May it please the Court.

This case is here on certiorari from the Court of Appeals for the Ninth Circuit.

It is an income tax case.

The question is whether certain Indians are liable for income taxes on certain income.

Taxpayers here are full-blooded Quinaielt Indians, husband and wife.

They belong to a group of Indians who have become respected members of the West Coast communities in which they live.

The relations between these Indians in the United States stem from a treaty entered into, between the United States and these Indians, in 1955 and 1956.

Pursuant to that treaty, some 200,000 acres of the Olympic Peninsula, along the Pacific Coast in the far northwest, were set aside for their exclusive use.

This area contains a stand of virgin timber, largely citrus spruce but with the important quantities of Douglas Fir, Hemlock, and other commercial timbers.

The income of these Indians, considered as a group, is derived principally from the sale of timber and from salmon fishing.

They derive about an equal amount from each source.

In 1907, a plot of land on this reservation was allotted to the taxpayer husband.

Pursuant to the provisions of the General Allotment Act of 1887, as required by the General Allotment Act, the patent issue to taxpayer husband, provided that the land, the fee to the land, would be held in trust by the United States for his exclusive use and benefit for a period of 25 years at the end of which the fee would be conveyed and this language is important in this suit, discharged of said trust and free from all charge and encumbrance, whatsoever.

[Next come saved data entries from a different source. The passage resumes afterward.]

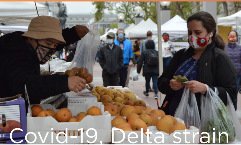
Covid-19, Delta strain

The pandemic remained an ongoing and unpredictable crisis. Our nation, City and neighborhood have taken impressive steps forward since the vaccine became available; but it is hard to know what challenges still lie ahead.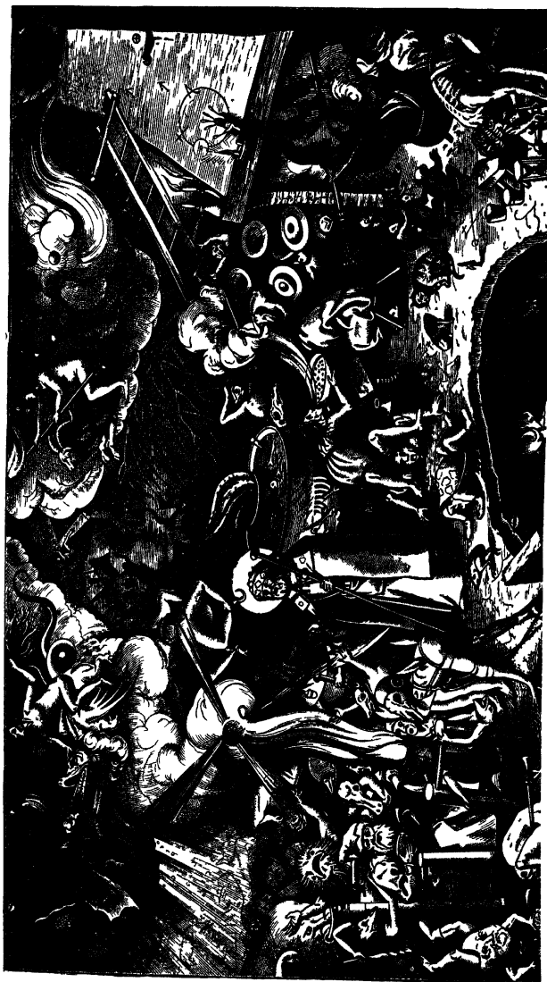
S JAMES VISITS THE WARLOCK'S DEN Breughel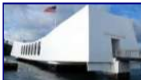
USS Arizona Memorial

We would be fighting on 2 fronts, as Germany and Italy declared war on us the day after our Declaration of War against Japan, December 9, 1941, leading to nearly 4 years of some of the bloodiest fighting in human history.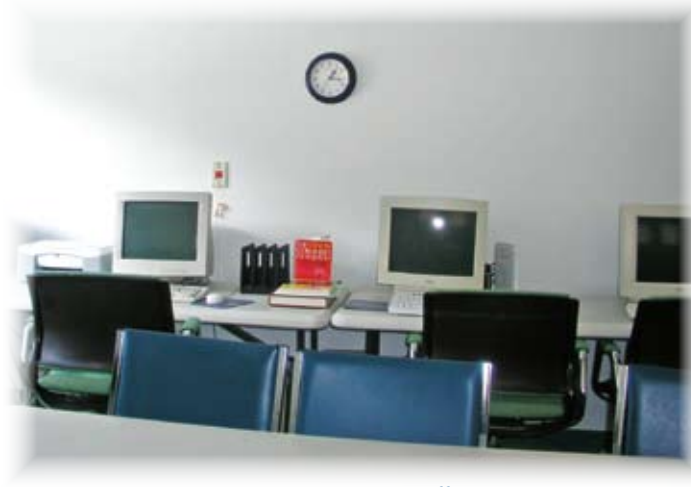
The in-house computer lab and library offers access to computers, the internet, and a variety of books and movies.

Features such as large windows and kitchen-to-living room wall openings, make for bright, sunny rooms with an overall open-concept feel.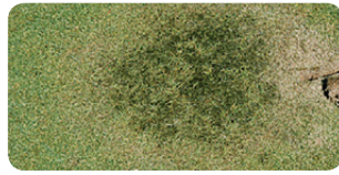
Pythium Root Rot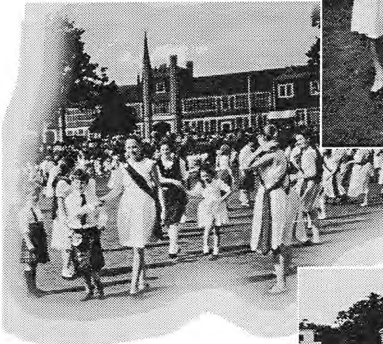
Below: Branch teenagers team.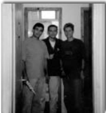
Preparing the grounds

the message of 1888 and the sanctuary message, as well as many other points of faith. Take the opportunity you have now to study them further.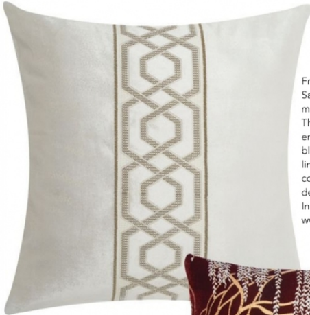
From Creative Threads, the Sarafina Birch velvet pillow measures 22 by 22 inches. The company offers unique embroideries and hand block prints available on silk, linen, linen cotton blend, cotton and burlap fabrics designed and crafted in India. B1 9-A19 www.creativethreadsusa.com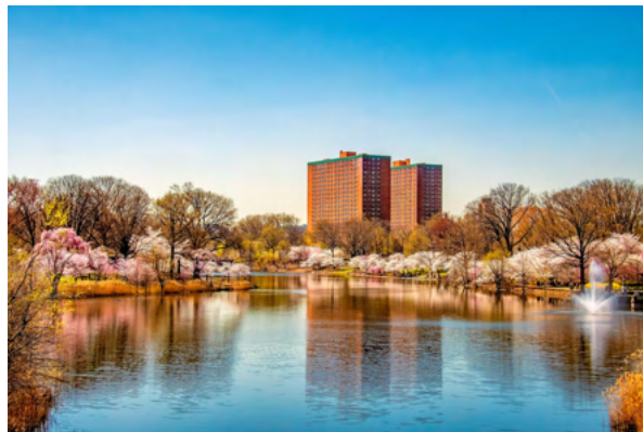
Newark crime rates reached a 50-year low.

High-risk interventionists are community members and impacted people who are trained to respond to disputes. 78 Following the implementation of the NCST, Newark crime rates began rapidly falling, reaching a 30-year low for homicides and a 50-year low for overall crime in 2019. 79 Beyond the NCST, there are several other successful community-based violence prevention programs throughout New Jersey, including the Paterson Healing Collective 80 and Jersey City Anti-Violence Coalition Movement. 81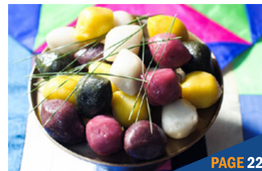
Traditional Korean Holiday of Bountiful Harvest, Chuseok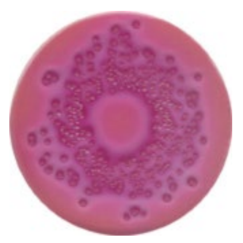
Escherichia coli ATCC® 8739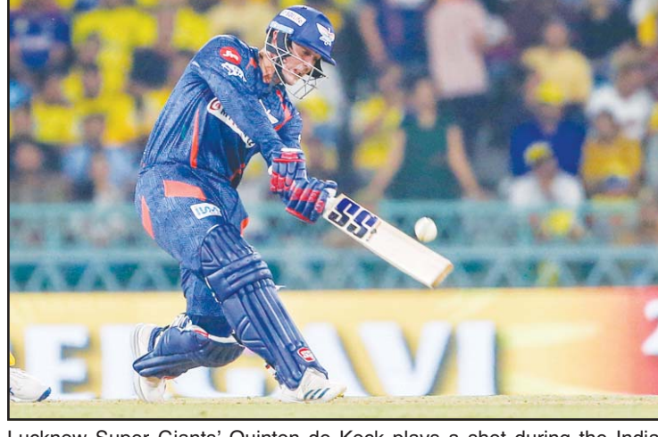
Lucknow Super Giants' Quinton de Kock plays a shot during the Indian Premier League cricket match between Chennai Super Kings and Lucknow Super Giants in Lucknow, India.

Jadeja finished 57 not out off 40 balls. Krunal Pandya took 2-16 and Marcus Stoinis 1-7.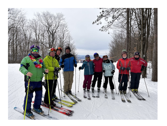
Top of the hill at Greek Peak.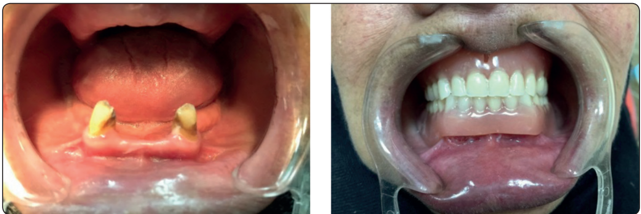
Fig. (1) a) Complete edentulous maxilla opposing mandibular partially edentulous arch with remaining two canines, b) Maxillary denture & mandibular tooth supported overdenture after necessary adjustments & occlusion refinement

A rubber spacer (supplied with ball attachment) (figure 2b) or piece of rubber dam was 1-inch square cut was applied on the patrix. Then the attachment matrix were attached to the Patrix (figure 2b, 3b), then the intaglio surface of lower denture was checked in place (using pressure indicating paste) for pick up space availability., then attachments were picked up (using chair side acrylic resin in one side at a time) (figure 2c, 3c), then the occlusion was checked for possible premature interferences or deflective contacts and the denture was delivered (figure 1b).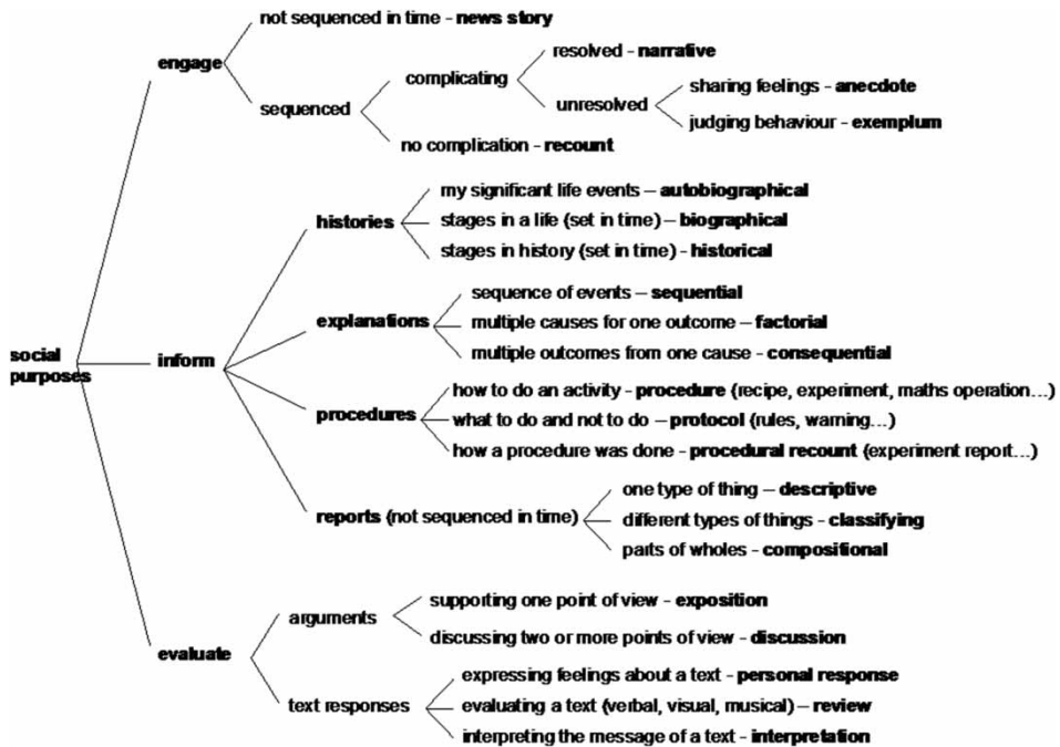
Figure 2. Map of genres in school (Rose & Martin, 2012, p. 128).

Literacy learning in the content classroom is therefore connected with the integration of subject-specific semiotisations into the learner's everyday knowledge, into their active use in subject-specific discourses and in their subject-related everyday discourse. In the case of CLIL, 'literacy' also entails the capacity to describe and explain symbolic representations and forms (like, e.g. a curve diagram or a map) in a second or a foreign language, in the main language of instruction and/or in one's native language. The latter elements of subject-specific literacies obviously also require meditational competences, or skills that allow learners to translate content matter from and between all the different languages that are involved in literacy learning in a content subject. (p. 196)

The 25-year trust period has, since been extended by a statute and the title to the land continues in the United States.

Taxpayers' allotment contained a typical stand of timber that is typical for this reservation.

A 1910 Amendment to the General Allotment Act provided for the sale of such timber at the request of the Indian allottee, with the consent of the Secretary of Interior.

In 1943, the timber from taxpayers' allotment was sold pursuant to the statutory authorization.

And some $8500 was paid into his account subject to withdrawal by taxpayer with the consent of the Secretary of Interior.

During that year, some $1500 was paid over to the Indian taxpayer for his use.

The question in this case is whether the proceeds of this sale of timber, from taxpayers' allotment are subject to the requirements of the federal income tax laws.

After a test case, brought in the Tax Court, by another Quinaielt Indian, similarly situated, had resulted in a determination that the proceeds from the sale of timber was taxable.

Respondents filed a return and paid the tax about $300, calculating their liability as provided, or as was their option, I should say, under the income tax laws on the basis of long-term capital gain.

After a timely claim for refund was filed and denied, this suit was brought in the -- in the District Court for the return of taxes allegedly, unlawfully collected.

We come then to the question of law involved in this case.

The case arises under the income tax laws which comprehensively tax every individual on gains and profits and income from every source, whatever.

As recently as last term, in the Glenshaw Glass case, this Court had occasion to note that in these provisions, Congress had exerted the full measure of its taxing power.

Indians are within the scope of these provisions as respondent recognizes.

They are not exempted from tax as Indians or as wards of the Government by any provision in the income tax laws.